## [Dataset excerpts]
[Start of Attachment]
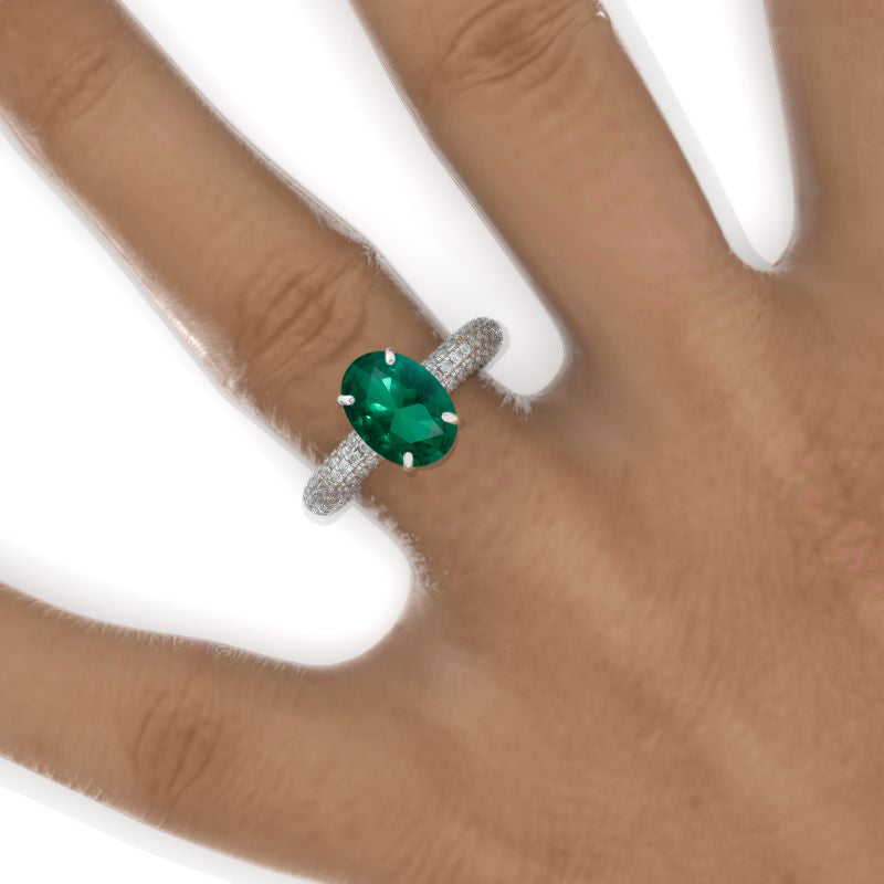 3 Carat Ethically Lab-Grown Emerald 10x7mm Oval Center Stone Ex-Cut, Ex-Polish, VG-Symmetry with 0.95 CTW Moissanite (D-Colorless, VVS1 clarity) French-Set Accent Stones 14K White  Gold  Ring.
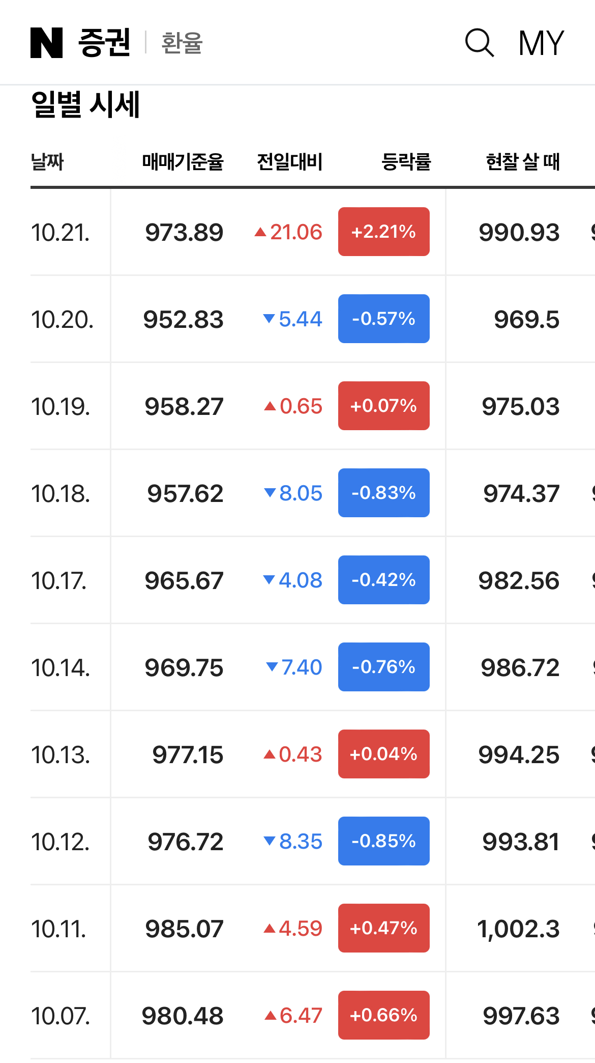 오 며칠 전엔 1엔 952원 까지 내려갔네요. 그때 샀어야했는데! 지금 엔저이니 환차익 노리시는 분들도 많은 거같은데.
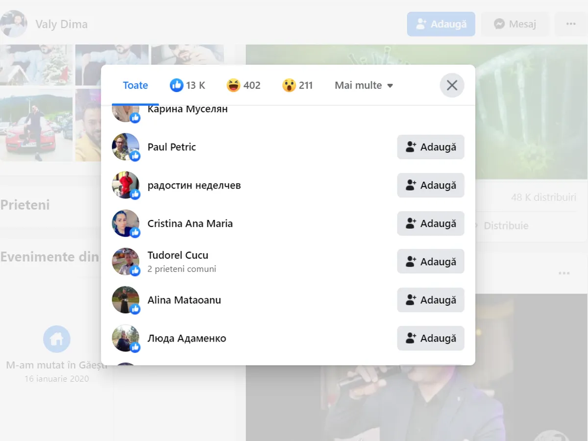 Misterul succesului brusc începe să se lămurească când analizezi conturile celor care au dat like. Majoritatea sunt ale unor persoane care nu cunosc limba română. Cu toate acestea apreciază și chiar râd la ceea ce scrie în respectivul text.
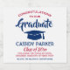 Adicione um toque personalizado às decorações da festa de formação da faculdade ou do ensino médio com estes elegantes rótulos para garrafa de vinho espumante vermelho, branco e azul. O design apresenta um fundo branco, um boné de formatura azul, tipografia moderna e estilosa, caligrafia estilizada à mão e uma mensagem personalizável que diz "Parabéns ao nosso Graduado". O texto na parte inferior inclui o ano da turma, nome da escola e linhas opcionais para grau, tipo de bebida ou outras informações. Todo o texto é fácil de personalizar. Esses rótulos são uma ideia estilosa para bebida na festa de formatura e um complemento elegante para a celebração do dia especial do graduado. Saúde!
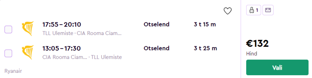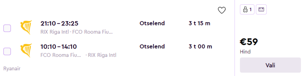 Ryanair pakub hetkel suurepärase hinnaga lennupileteid Itaaliasse. Edasi-tagasi lennupiletid otselendudele Tallinnast ja Riiast Roomasse on saadaval alates 59€ eest. Soodsa hinnaga lennupileteid leiab reisimiseks septembrist kuni detsembrini, sealhulgas ka aastavahetus. Piletiteni jõudmiseks kliki allpool olevatel näidiskuupäevadel või otsi endale sobivaid lennupileteid läbi Momondo.ee
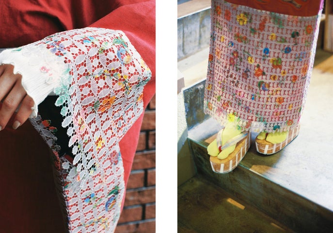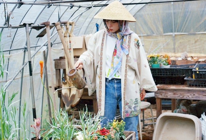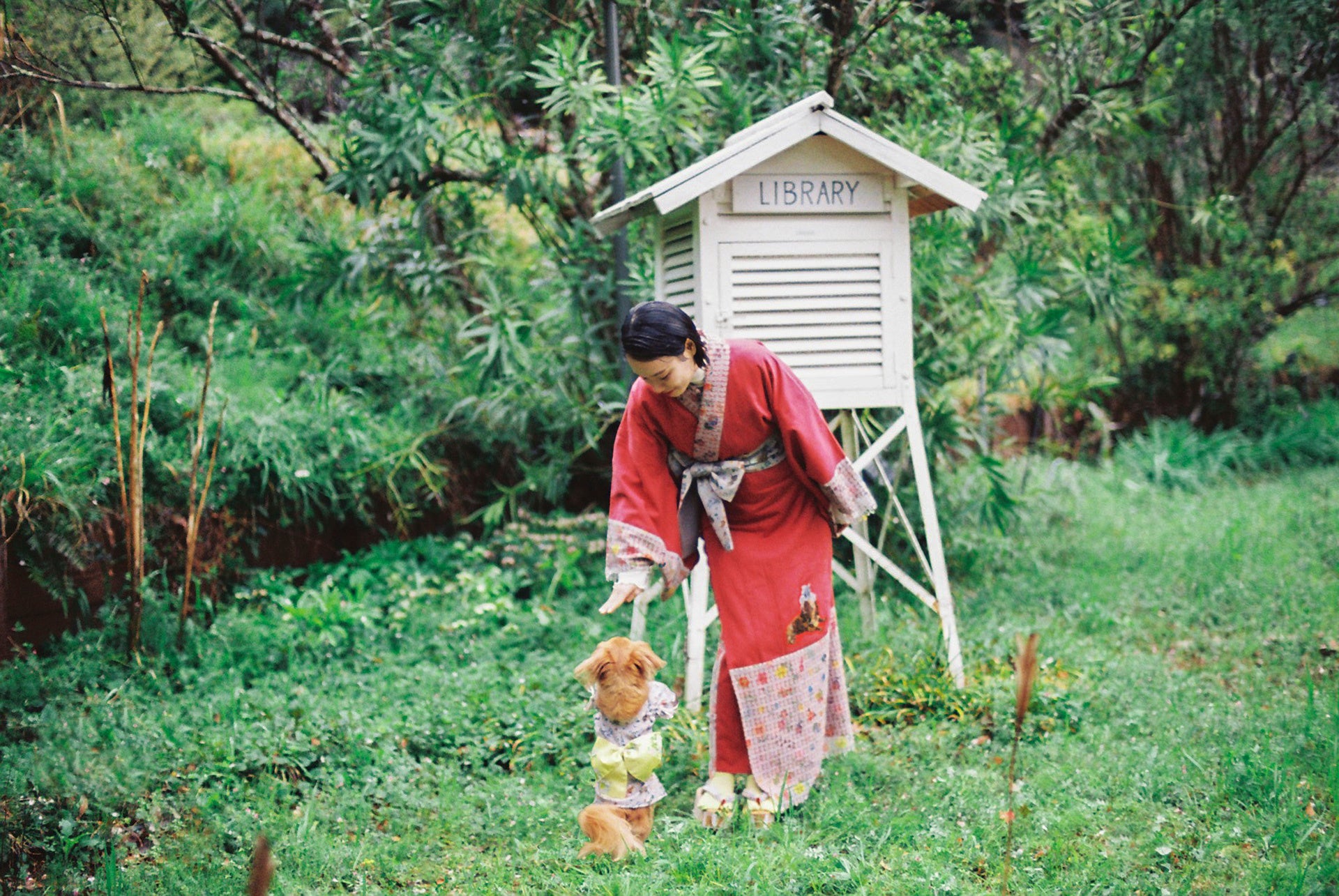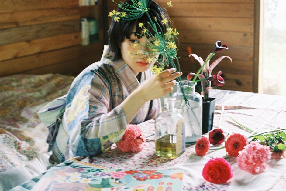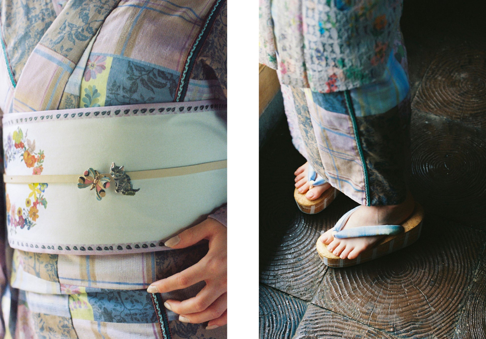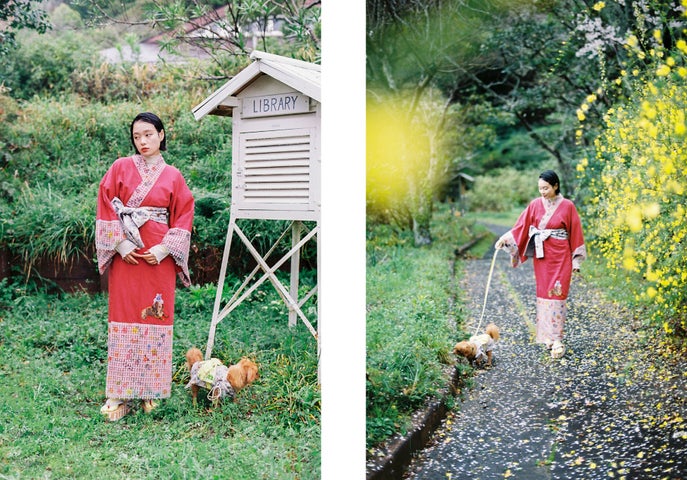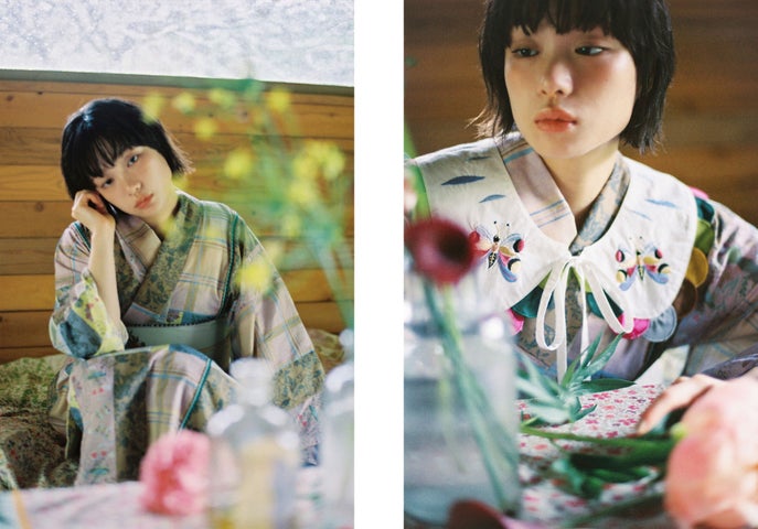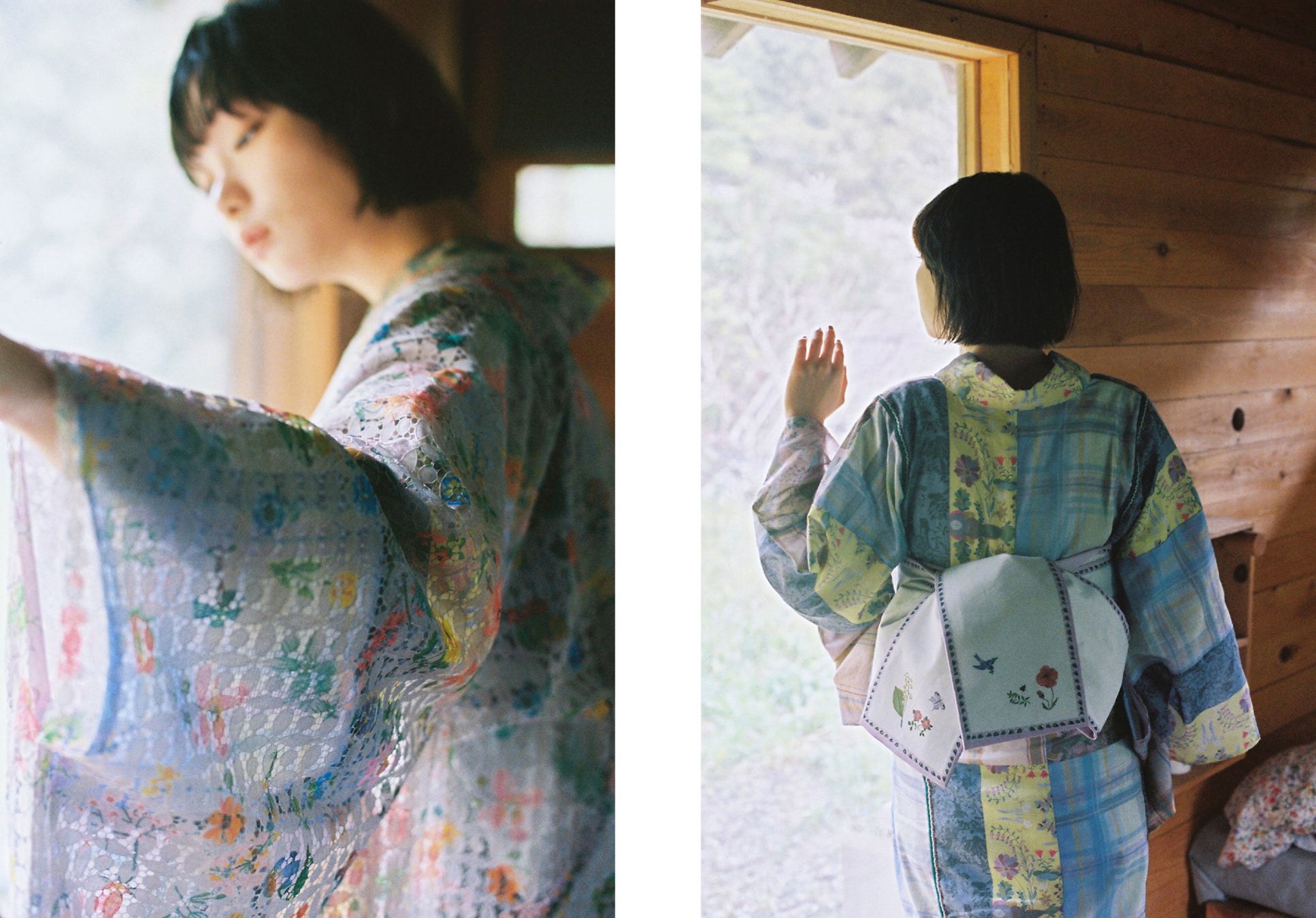 彼女のユーモラスでハッピーな世界観が、きものによってさらに深く表現されています。
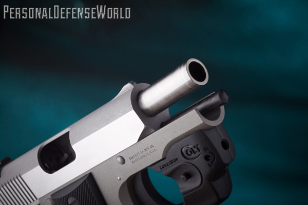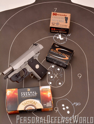All tests were done under low-light conditions (at dusk) relying solely on the LaserMax for targeting at a distance of 7 yards. Either five or six rounds were fired at one-second intervals using three popular defensive brands of ammunition. All three functioned flawlessly in the Mustang Pocketlite, and the consistent 6-pound trigger pull made easy work of timed fire. The laser painted the target clearly, and every group measured 2 inches or less. The most accurate load fired from the Colt was the Hornady Critical Defense, which placed six rounds at 0.75 inches, all overlapping just above point of aim, in the 9-ring at 12 o’clock. The second-best group, the Speer Gold Dot, landed six rounds at just under 1.5 inches. The widest group, just under 2 inches, was shot with Federal Premium.
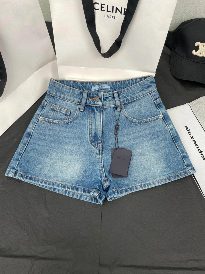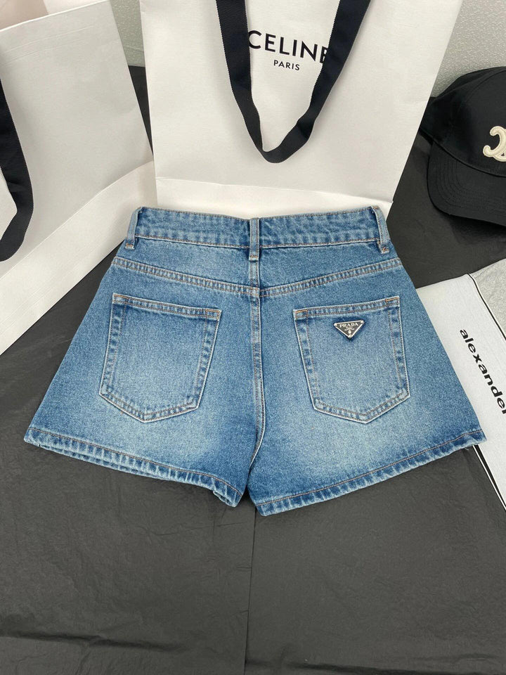 Contrast color high waist washed denim shorts
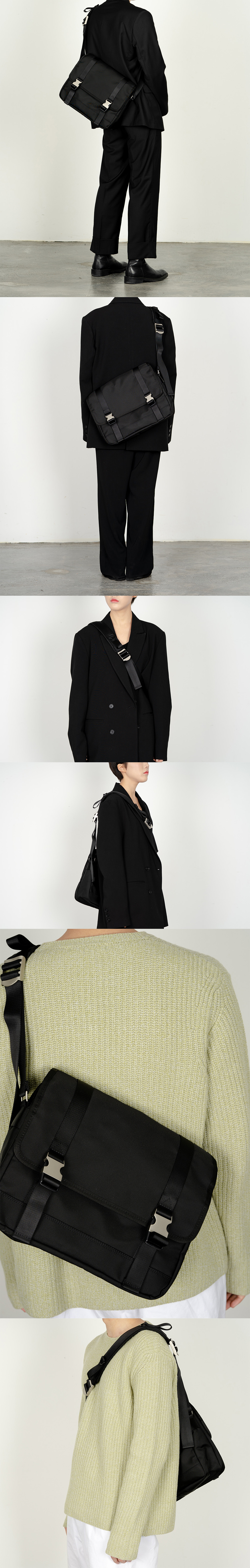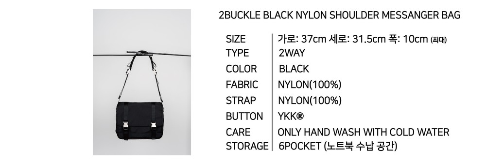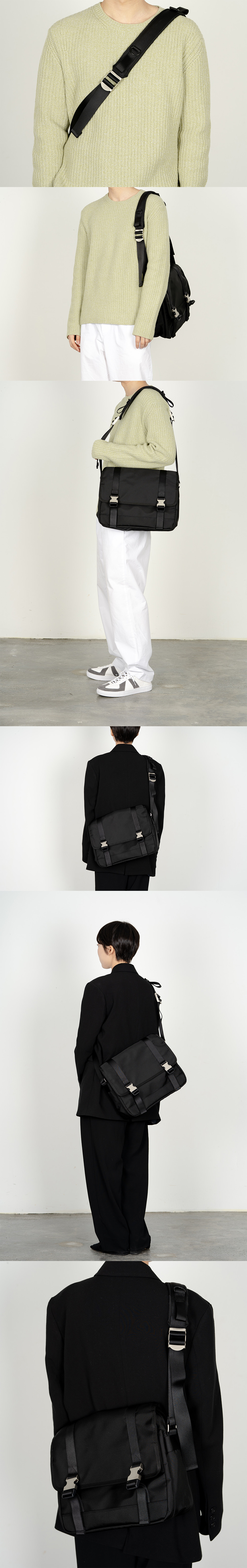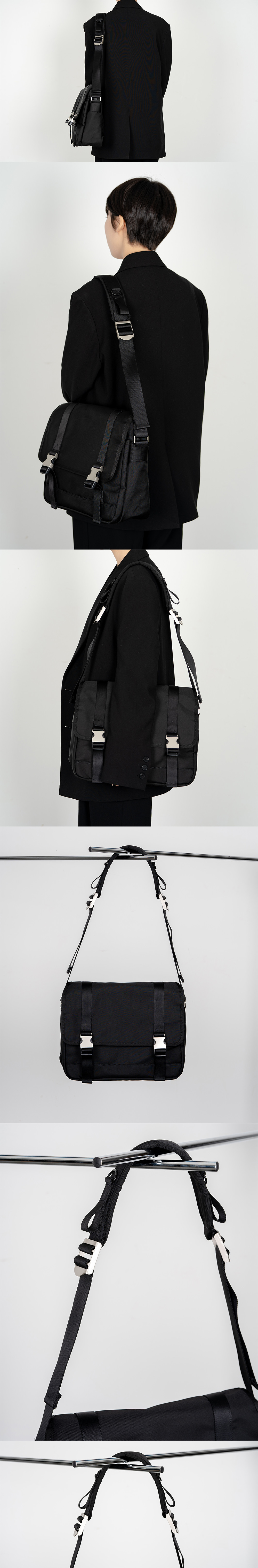 2-Buckle Shoulder Messenger Bag (Black)
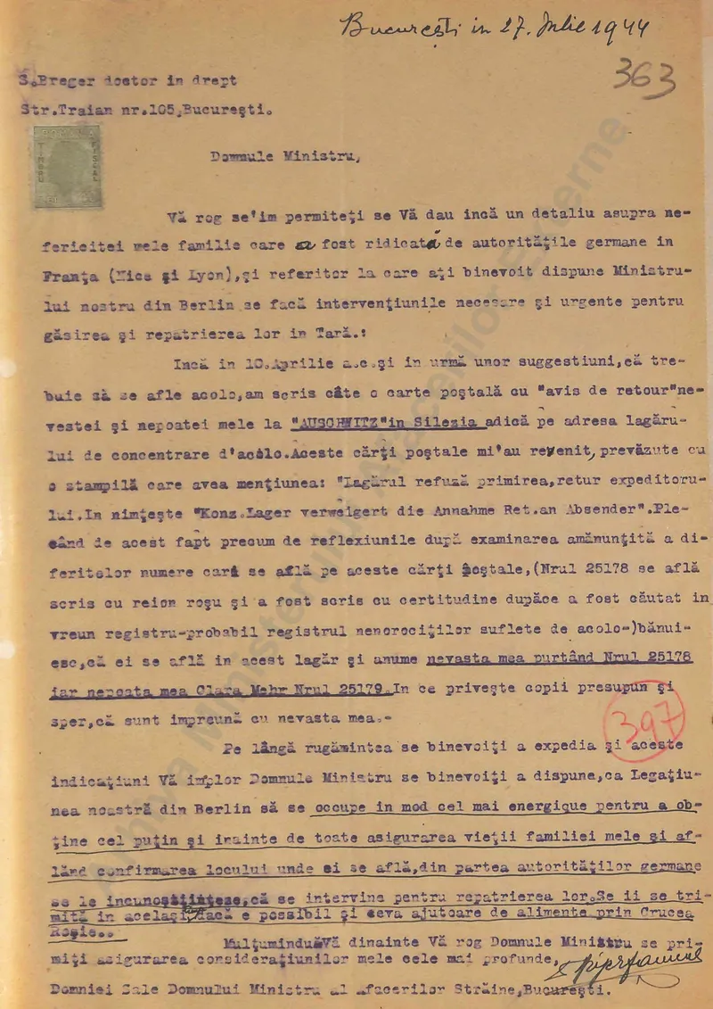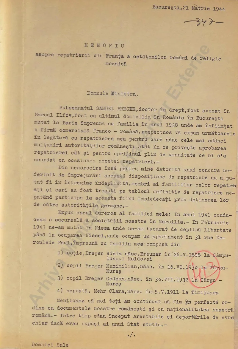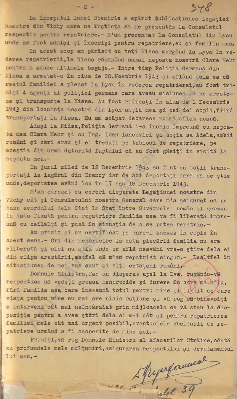 M-am adresat cu cereri disperate Legațiunea noastre din Vichy, cât și Consulatului nostru General care m-a asigurat că pe baza acordului de la stat la stat între guvernele român și german la data fixată pentru repatriere familia mea va fi liberată împreună cu ceilalți și pusă în situația de a se putea repatria. Am primit și un certificat pe care-l anexez în copie în acest sens. Ori din nenorocire la data plecării familia mea nu era eliberată și nici nu știu unde se află, neavând vreo știre de la ei din clipa arestării, astfel că m-am repatriat singur. (...)
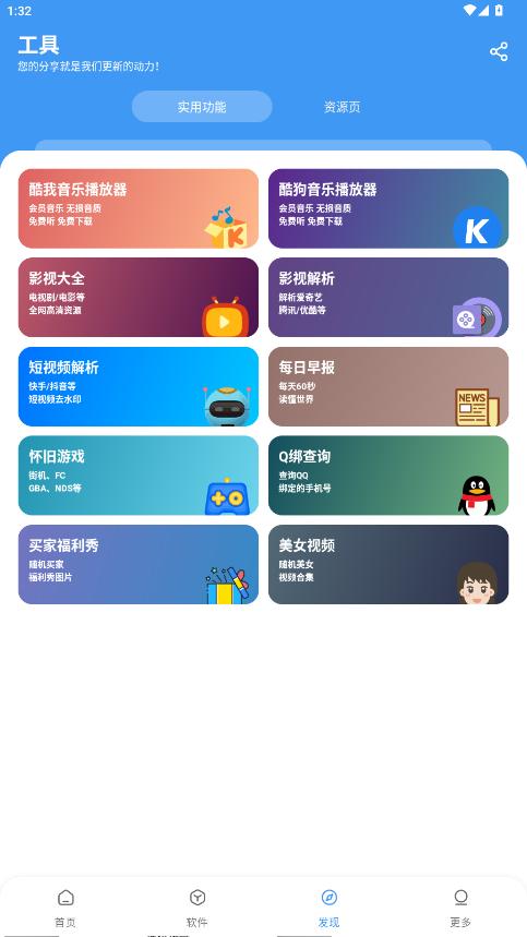 发现界面为用户提供了音乐播放,影视大全,短视频解析,怀旧游戏等实用功能
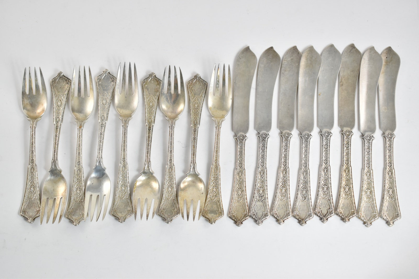 ·Item: Sterling Silver Tiffany & Co Persian Fish Set (8 full sets, 1 partial)
[End of Attachment]
## [WORK TASK]
Every entry above needs to be duplicated exactly, without its images.

## [ANSWER TO THE PROBLEM]
 3 Carat Ethically Lab-Grown Emerald 10x7mm Oval Center Stone Ex-Cut, Ex-Polish, VG-Symmetry with 0.95 CTW Moissanite (D-Colorless, VVS1 clarity) French-Set Accent Stones 14K White  Gold  Ring.
 오 며칠 전엔 1엔 952원 까지 내려갔네요. 그때 샀어야했는데! 지금 엔저이니 환차익 노리시는 분들도 많은 거같은데.
 Misterul succesului brusc începe să se lămurească când analizezi conturile celor care au dat like. Majoritatea sunt ale unor persoane care nu cunosc limba română. Cu toate acestea apreciază și chiar râd la ceea ce scrie în respectivul text.
 Adicione um toque personalizado às decorações da festa de formação da faculdade ou do ensino médio com estes elegantes rótulos para garrafa de vinho espumante vermelho, branco e azul. O design apresenta um fundo branco, um boné de formatura azul, tipografia moderna e estilosa, caligrafia estilizada à mão e uma mensagem personalizável que diz "Parabéns ao nosso Graduado". O texto na parte inferior inclui o ano da turma, nome da escola e linhas opcionais para grau, tipo de bebida ou outras informações. Todo o texto é fácil de personalizar. Esses rótulos são uma ideia estilosa para bebida na festa de formatura e um complemento elegante para a celebração do dia especial do graduado. Saúde!
 Ryanair pakub hetkel suurepärase hinnaga lennupileteid Itaaliasse. Edasi-tagasi lennupiletid otselendudele Tallinnast ja Riiast Roomasse on saadaval alates 59€ eest. Soodsa hinnaga lennupileteid leiab reisimiseks septembrist kuni detsembrini, sealhulgas ka aastavahetus. Piletiteni jõudmiseks kliki allpool olevatel näidiskuupäevadel või otsi endale sobivaid lennupileteid läbi Momondo.ee
 彼女のユーモラスでハッピーな世界観が、きものによってさらに深く表現されています。
All tests were done under low-light conditions (at dusk) relying solely on the LaserMax for targeting at a distance of 7 yards. Either five or six rounds were fired at one-second intervals using three popular defensive brands of ammunition. All three functioned flawlessly in the Mustang Pocketlite, and the consistent 6-pound trigger pull made easy work of timed fire. The laser painted the target clearly, and every group measured 2 inches or less. The most accurate load fired from the Colt was the Hornady Critical Defense, which placed six rounds at 0.75 inches, all overlapping just above point of aim, in the 9-ring at 12 o’clock. The second-best group, the Speer Gold Dot, landed six rounds at just under 1.5 inches. The widest group, just under 2 inches, was shot with Federal Premium.
 Contrast color high waist washed denim shorts
 2-Buckle Shoulder Messenger Bag (Black)
 M-am adresat cu cereri disperate Legațiunea noastre din Vichy, cât și Consulatului nostru General care m-a asigurat că pe baza acordului de la stat la stat între guvernele român și german la data fixată pentru repatriere familia mea va fi liberată împreună cu ceilalți și pusă în situația de a se putea repatria. Am primit și un certificat pe care-l anexez în copie în acest sens. Ori din nenorocire la data plecării familia mea nu era eliberată și nici nu știu unde se află, neavând vreo știre de la ei din clipa arestării, astfel că m-am repatriat singur. (...)
 发现界面为用户提供了音乐播放,影视大全,短视频解析,怀旧游戏等实用功能
 ·Item: Sterling Silver Tiffany & Co Persian Fish Set (8 full sets, 1 partial)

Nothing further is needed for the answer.